Why bonehead?  Because the sheriff, having done the right thing at first by testing the plant before razing the entire crop, came up negative.  This would lead a normal human being to question whether the knee-jerk assumption that the crop is marijuana. 

The sheriff said that it could be a false negative.  Yes it could.  So what would a reasonably thoughtful person do?  Test it again.  Test it better.  Test it.  But not this sheriff.  The test came back negative, and his solution was to destroy the entire crop.  Logical disconnects are usually the sort of stuff that judges should be able to detect. 

But the decision here was that the sheriff failed to show “deliberate indifference” when he decided the run down the bonehead path with his eyes wide shut.  Boneheaded?  Yup.  Stupid.  You betcha.  But deliberate?  Not according to the Circuit.
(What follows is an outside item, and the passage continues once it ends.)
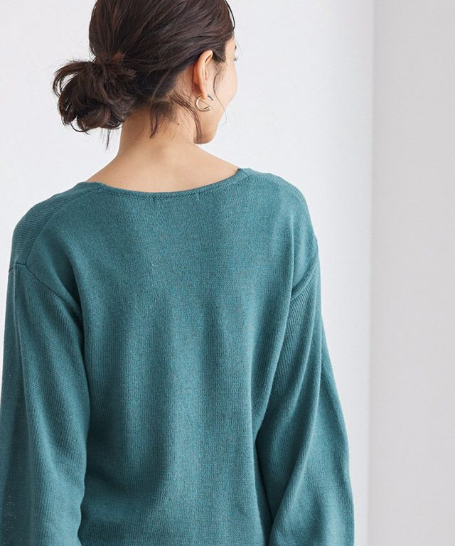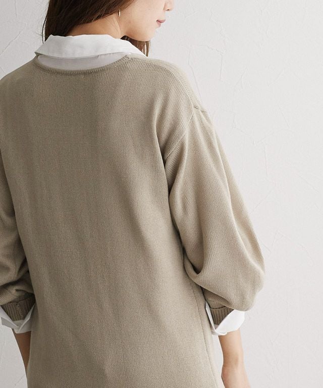 柔らかな風合いでチクチク感のないニット素材。シンプルな天竺編みにすることで、どんなスタイルにも合わせやすいのが嬉しいポイントです。ご自宅でお洗濯していただけるのでお手入れも簡単◎

The sheriff did not cut it down callously, but with the best of intentions.  He was just wrong.  He just failed to employ any of a variety of intelligent options that would have avoided the damage and loss.  He decided to take the route of “better safe than sorry,” and now the 5th Circuit says that he doesn’t have to be sorry.

When foolish damage befalls a person, the initial course of action for the police is to find whatever they can to smear the victim and thus deflect their stupidity and responsibility.  And the courts, recognizing that we could face disaster should police be held accountable to harm to the public based upon stupidity, have enabled and encouraged police to do whatever they have to, with the Courts to do their part when needed.

Note that this is in federal court for violation of civil rights, rather than a state court action for damages to property.  While some might find this an inconsequential distinction, it strikes me as making the rule particularly grievous.  The big picture for society is not about one individuals loss of kenaf, but about law enforcement that is not accountable for its stupidity and the harm it does to the very people it exists to protect and serve.

Nothing will change until this idea is firmly planted in everybody’s head.  The cops are not a separate species, unrelated to the rest of society.  As tough a job as it is, it still requires some modest degree of thought.